=== Begin Enclosure ===
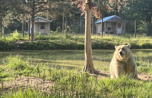 Unique Rustic Cabins at Grizzly Ranch! Located it in quiet Geneva County! Enjoy nature while watching the bears of GRBB Rescue play in their pond! We are located on the Choctawhatchee River, enjoy a canoe ride or kayak. Fishing is available in the ponds on property or on the river! Get to experience the Wild of the Grizzlies from your own porch.
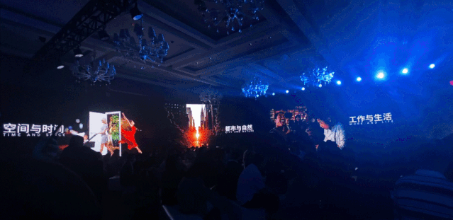 因为是超宽屏,为保证观众的视线集中在舞台中央,我们把关键信息和重要内容都锁定在中间11m的屏幕上去展示,两侧作为观赏区域,随着内容平滑到下一个重点,这样无缝转场效果带来的沉浸感非常赞。
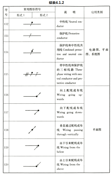 4.1.4 图样中的电气线路可采用表4.1.4的线型符号绘制。
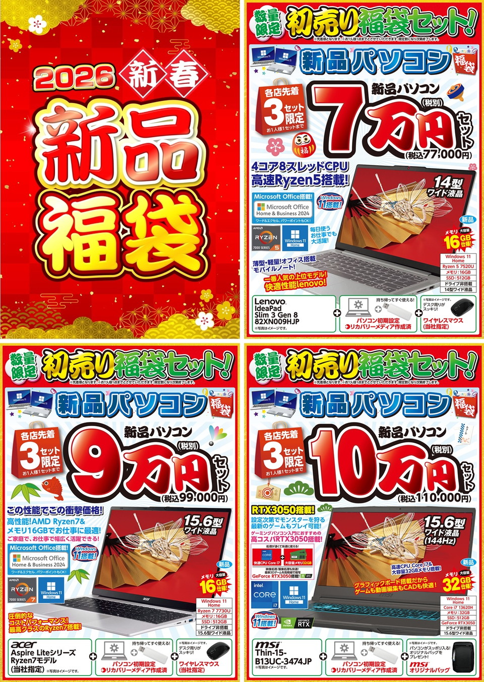 【新春初売り!】早いもの勝ち!初売り限定パソコン福袋セット!
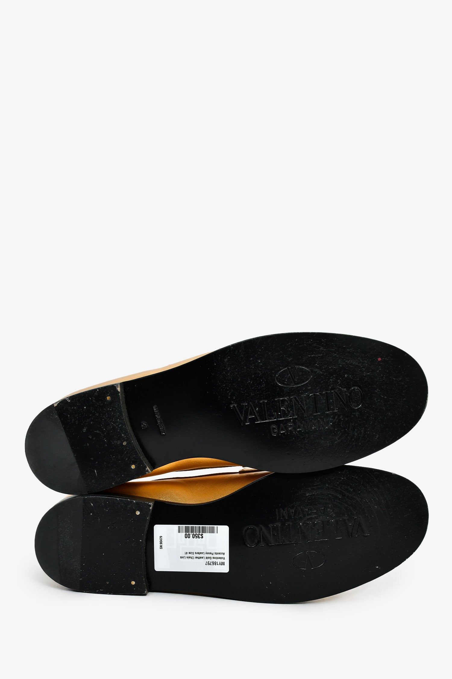 Refresh availabilityValentino Gold Leather Chain Link Accents Penny Loafers. Round toe. Leather insoles. Gold-tone hardware. Tonal stitching.
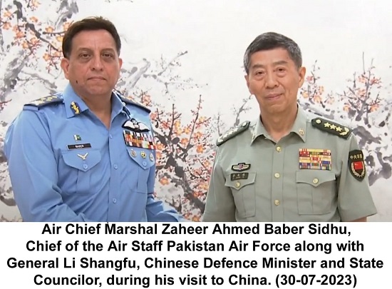 Beijing- 30 July, 2023: Air Chief Marshal Zaheer Ahmed Baber Sidhu, Chief of the Air Staff, Pakistan Air Force called on various dignitaries during his visit to China. In these meetings, the Air Chief called on Chinese Defence Minister and State Councilor General Li Shangfu, People’s Liberation Army Air Force Commander General Chang Dingqiu, Chief of Equipment Development Department General Xu Xueqiang and Director General Bureau of Military Equipment and Technical Cooperation (Bometec) Major General Fan Jianjun.
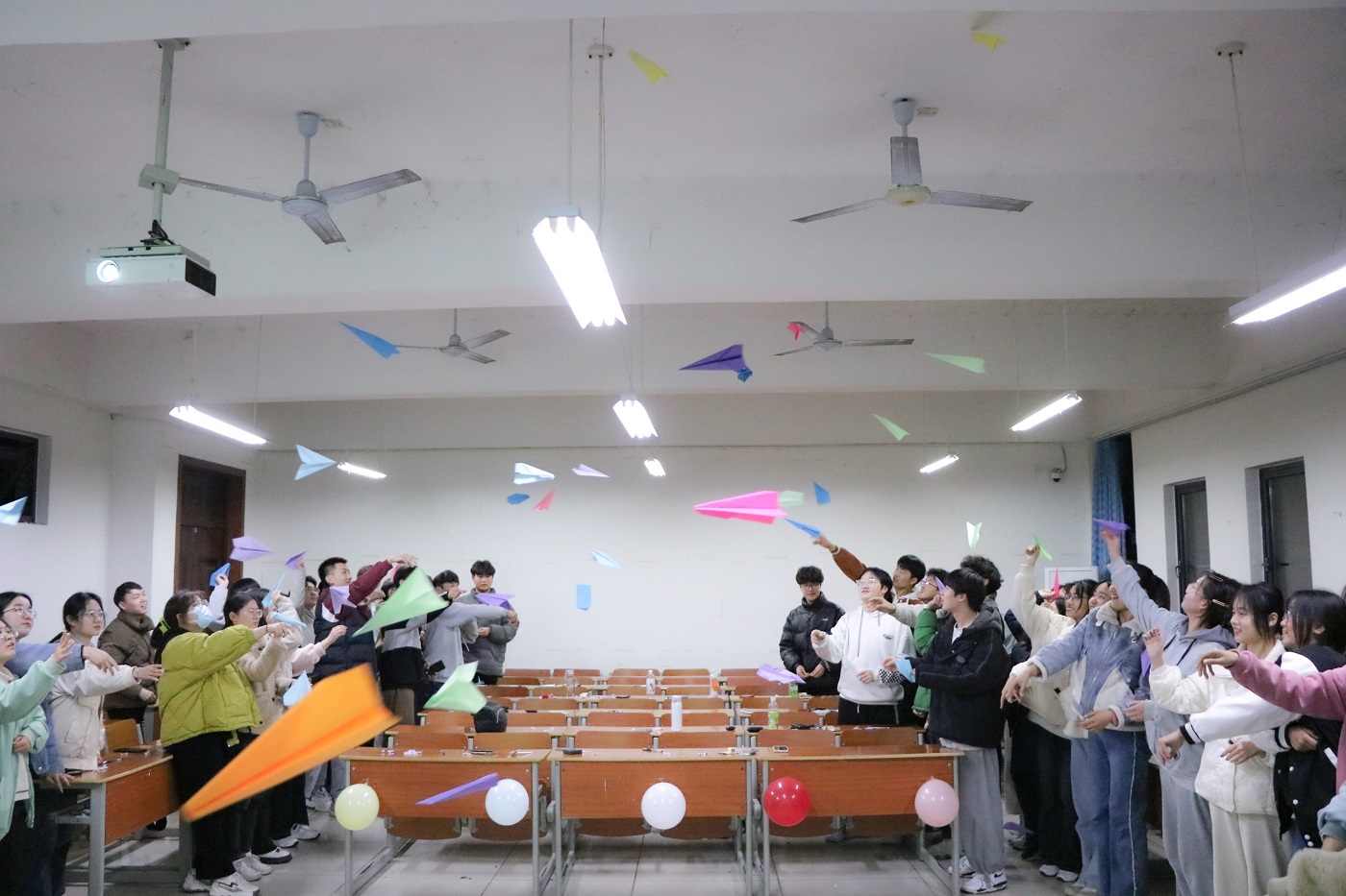每人在一张纸上写下自己快乐的事,然后将纸叠成纸飞机,传飞给其他人。
=== End Enclosure ===
_WHAT IS REQUIRED_
Each line from the first line of the records through the line containing "Refresh availabilityValentino Gold" must be reproduced exactly, with both ends included and all pictures omitted; nothing else belongs in the answer.

_ANSWER FOR THIS EXERCISE_
 Unique Rustic Cabins at Grizzly Ranch! Located it in quiet Geneva County! Enjoy nature while watching the bears of GRBB Rescue play in their pond! We are located on the Choctawhatchee River, enjoy a canoe ride or kayak. Fishing is available in the ponds on property or on the river! Get to experience the Wild of the Grizzlies from your own porch.
 因为是超宽屏,为保证观众的视线集中在舞台中央,我们把关键信息和重要内容都锁定在中间11m的屏幕上去展示,两侧作为观赏区域,随着内容平滑到下一个重点,这样无缝转场效果带来的沉浸感非常赞。
 4.1.4 图样中的电气线路可采用表4.1.4的线型符号绘制。
 【新春初売り!】早いもの勝ち!初売り限定パソコン福袋セット!
 Refresh availabilityValentino Gold Leather Chain Link Accents Penny Loafers. Round toe. Leather insoles. Gold-tone hardware. Tonal stitching.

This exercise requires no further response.